## The input
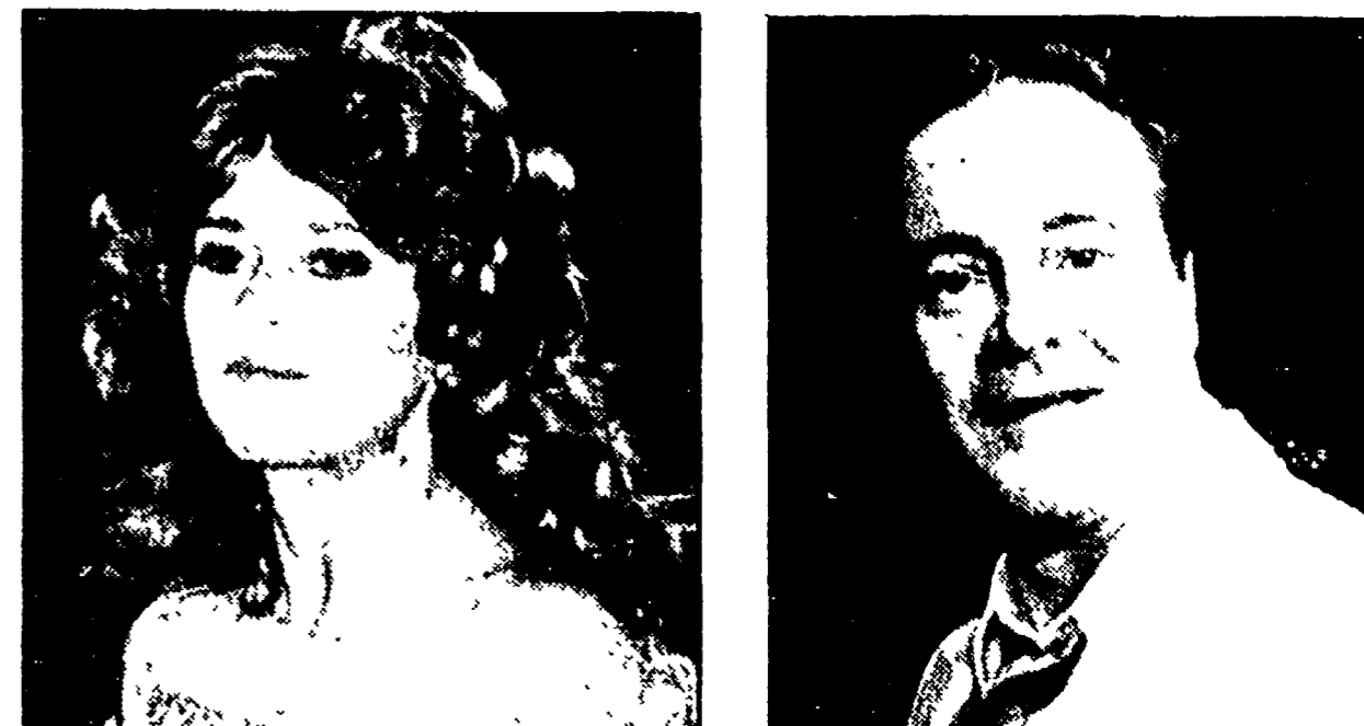
Jane Fonda e Jack Lemmon tra gli interpreti del film di James Bridges «La sindrome cinese».

spesso, le traballanti immagini, ma contribuiscono solo a rilevare la pochezza, aggravata dalla scarsa espressività degli attori protagonisti... Aggeo Savioli
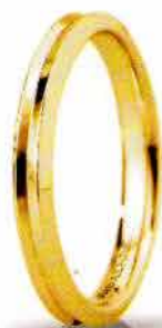
"Slim" oro giallo
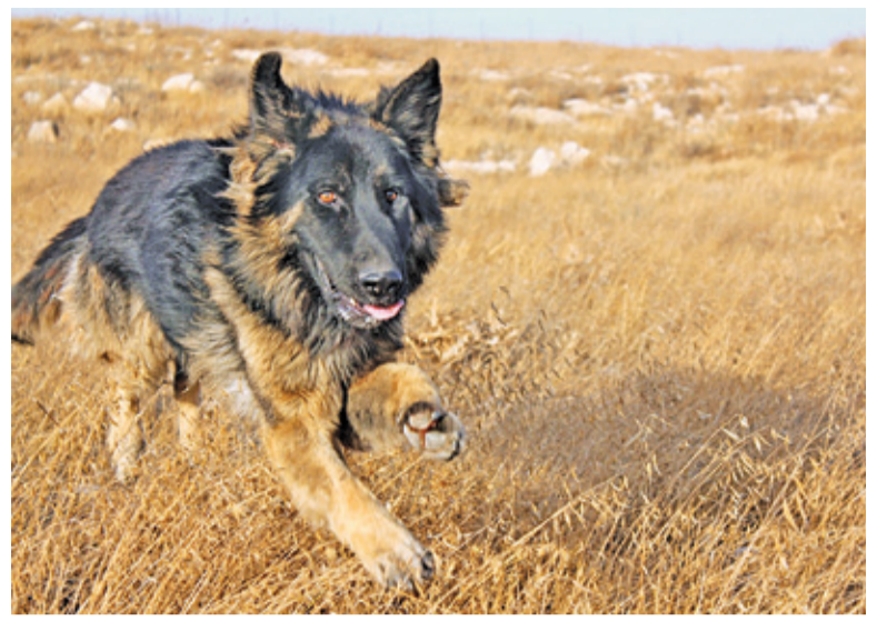
Zagubiony pies szybciej wróci do właściciela, jeżeli ma wszczepiony chip
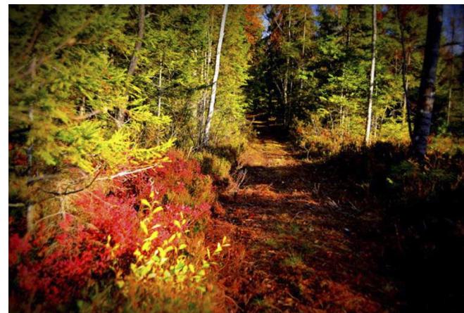
Storgatan i Krämarstan som det ser ut idag.

I Jönköping på 1940-talet ägde också en fördrivning av Resandefolket rum. Det bodde många resande vid Östra Torget i Jönköping. Det fanns rykten om att »tattarna« trakasserade kvinnor och att de levde av fattigunderstöd. Vid en utredning visade det sig att av de 450 invånare som fanns registrerade som »tattare« fick
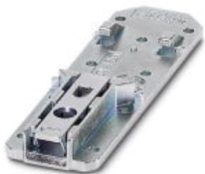
Универсальный адаптер для монтажной рейки

Обратите внимание на то, что приведенные здесь данные взяты из online-каталога. Полная информация и данные содержатся в документации пользователя. Действуют Общие условия использования для информации, загруженной из интернета. ( http://phoenixcontact.ru/download )
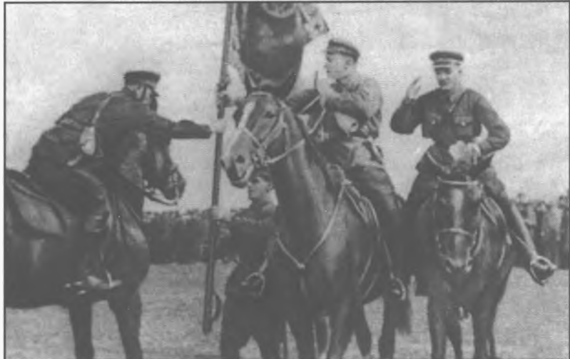
Празднование 10-й годовщины 4-й кав. дивизии. 1929 г.
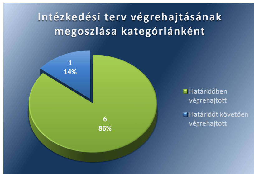
1. számú ábra
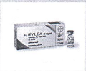
Айлия флакон 40мг/мл 0.278мл №1 15110.00 грн.
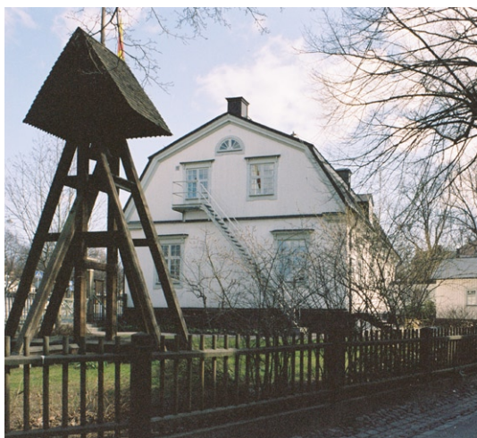
Exteriör från nordväst med klockstapeln.

Strax nordväst om kyrkan står Djurgårds kyrkans klockstapel. Den invigdes 1950, uppförd enligt arkitekten Ragnar Hjorths ritningar från 1948. Stapeln har en enkel, öppen träkonstruktion som upptill är prydd med en kyrktupp. Hjalmar Gullberg har skrivit den dikt som är ingraverad på kyrkklockan.
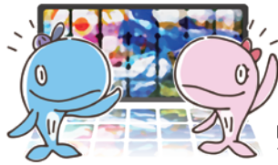
昭島市公式キャラクター アッキー&アイラン

本年度昭島市一般会計予算総額は、563億6000万円のうち約13.8%が教育費に充てられています。
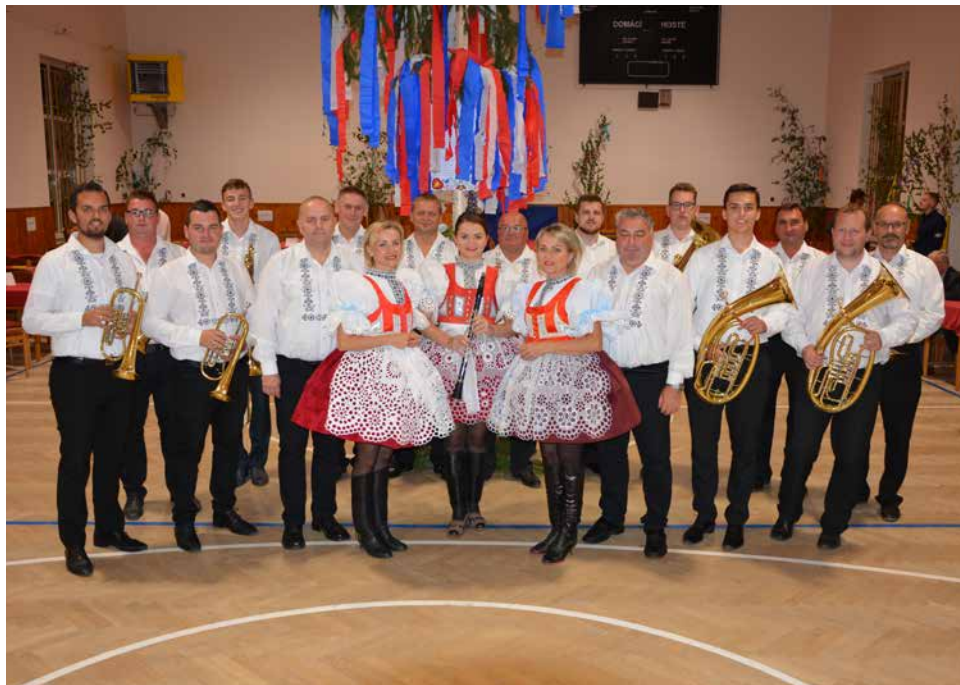
DH Miločanka.

V pátek 7. prosince v 19.00 hodin se v sále kulturního domu uskuteční Vánoční koncert dechové hudby „Miločanka“. Dechová hudba z Milotic u Kyjova v roce 2016 „znovuoobnovila“ své působení mezi slováckými dechovými hudbami působícími na kyjovském
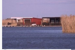
Ő a Fertő-tóban talált magyar prostituált gyilkosa -...
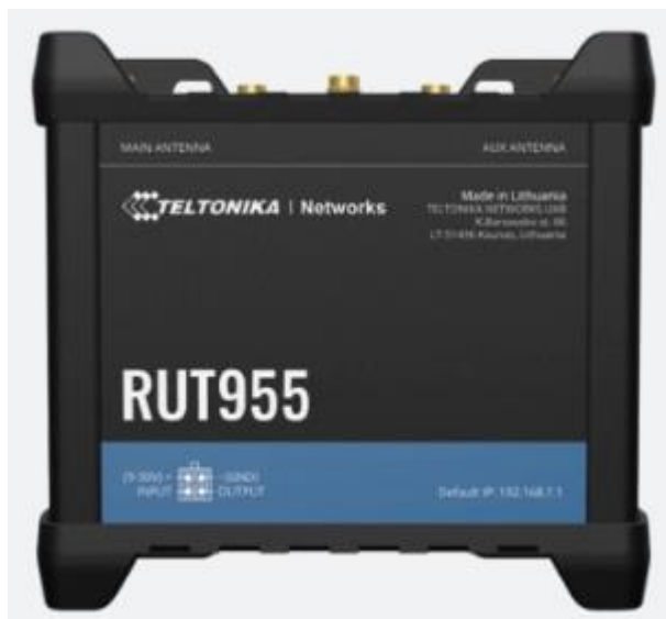
RUT-955 модемтой дүйцэхүйц байна
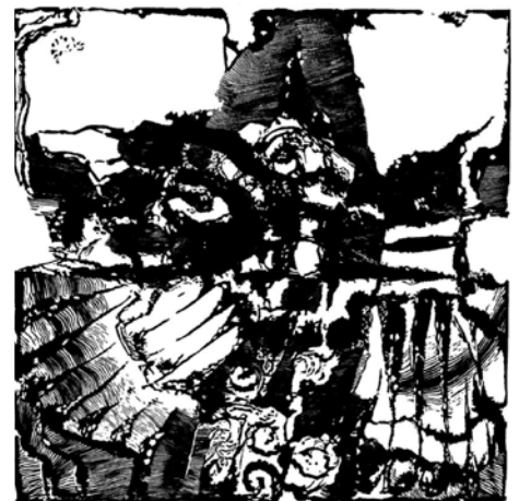
Jedna z prac Henryka Jasińskiego.
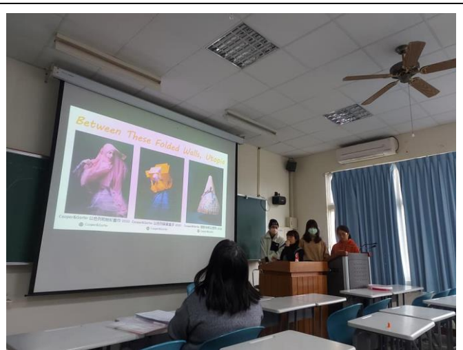
女力-喀擦喀擦看見她，介紹以色列女攝影師之作品。
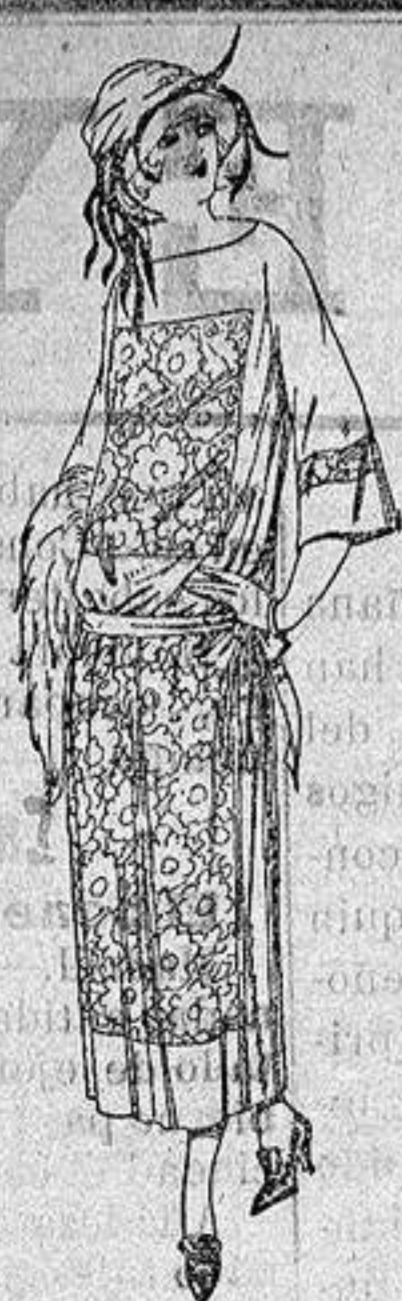
Vestidos de popeline crispón etc., en negro azul y color, adornos bordados. a ptas. 130
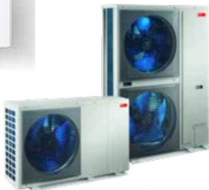
pl.: Belaria® fit hőszivattyú
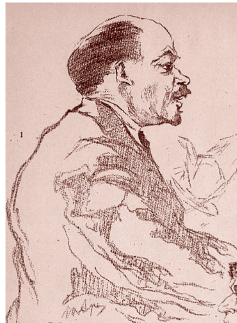
Юрий Арцыбушев. Ленин. Из альбома «Диктатура пролетариата». 1918
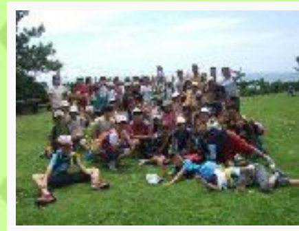
6/20 葉山しおさい博物館
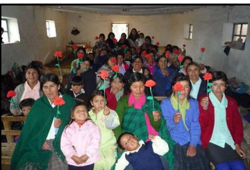
El Calvario (arriba) y Maqui-Maqui (abajo)

Termine mi trabajo en El Calvario, y los ministerios de Niños y Mujeres siguen adelante. Gloria a Dios! Las mujeres en Lanchipampa se desanimaron, pero fui a alentarles y prometieron seguir con sus cultos. Sus niños siguen con la Esc. Bíblica muy bien. En Maqui-Maqui ambos ministerios siguen bien, gracias a Dios, pero necesitarán ser visitados pronto. Por favor, recuérdennas siempre en sus oraciones... Gracias.
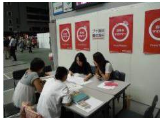
風水プチ講師養成講座
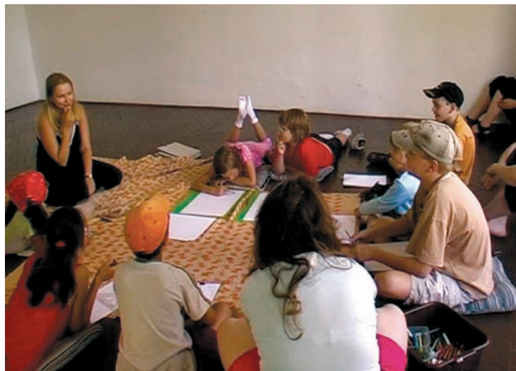
Workshop v rámci výstavy Těm, kdo se tady nenarodili , Galerie Sokolská 26, Ostrava 2008, Video dokumentace, 17:10 (video still)
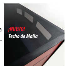
¡NUEVO! Techo de Malla
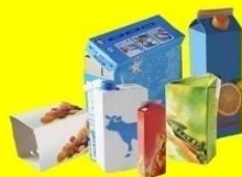
Cartons d'emballages et briques alimentaires
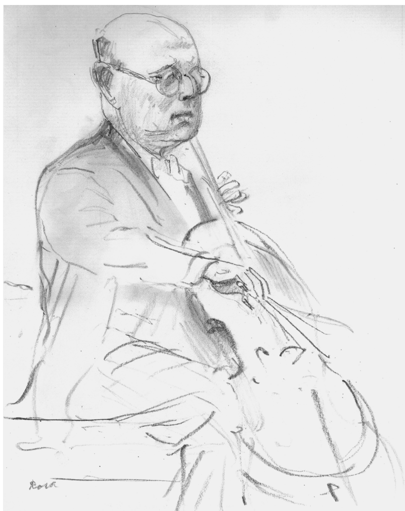
Pablo Casals (1876-1973), violoncellista spagnolo. Professore di violoncello al Conservatorio di Barcellona (1897), raggiunse rapidamente una fama mondiale come concertista. Per protesta contro il franchismo lasciò la Spagna (1938).
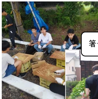
箸作り。さっそく使った？
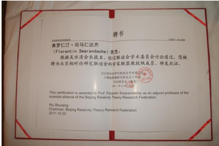
Diploma de Doctor Honoris Causa primită de la Universitatea Jiaotong din Beijing, în decembrie 2011

volum, care va putea fi citit și în variantă electronică pe site-ul său, de la universitatea americană la care lucrează.
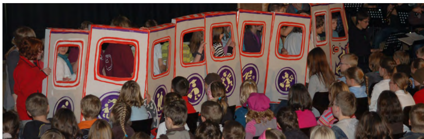
Zum Beispiel: Lied Nr. 5 „Busfahr’n“ aus dem Musical „Hokuspokus Hexenfuß“

Schnuppern Sie auch mal in unsere anderen Musicals rein!
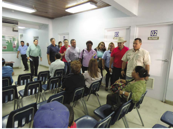
Policlínica de Aguadulce
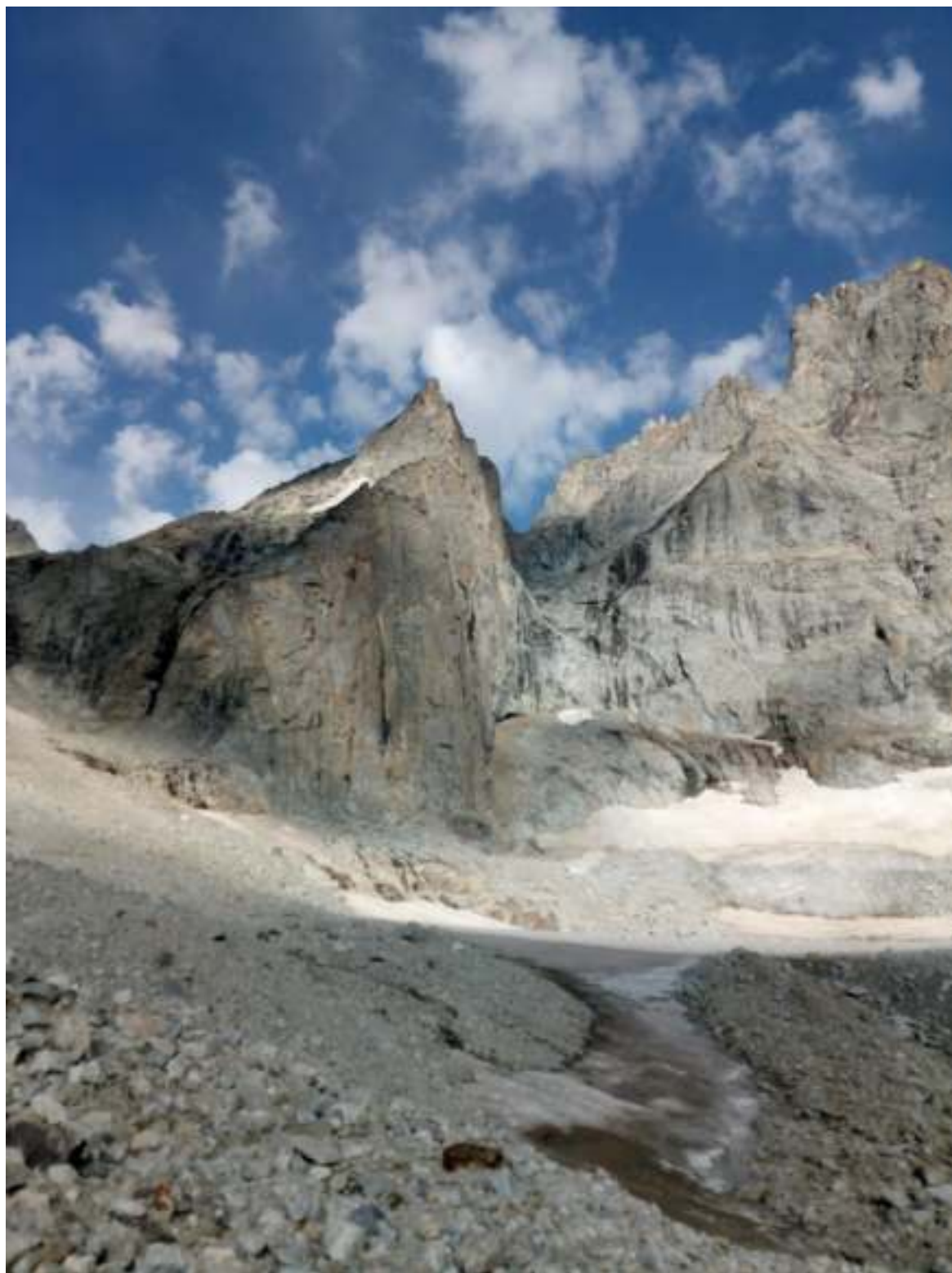
Фото сделанное с ночевок 20.08.2022. Слева пик Шоколадный, справа г. Далар

## What you will do
Beginning with the first entry above, reproduce every line verbatim until the line with "Storgatan i Krämarstan som det ser ut idag.", which is included too; omit pictures.

## Output for this exercise
Jane Fonda e Jack Lemmon tra gli interpreti del film di James Bridges «La sindrome cinese».

spesso, le traballanti immagini, ma contribuiscono solo a rilevare la pochezza, aggravata dalla scarsa espressività degli attori protagonisti... Aggeo Savioli
"Slim" oro giallo
Zagubiony pies szybciej wróci do właściciela, jeżeli ma wszczepiony chip
Storgatan i Krämarstan som det ser ut idag.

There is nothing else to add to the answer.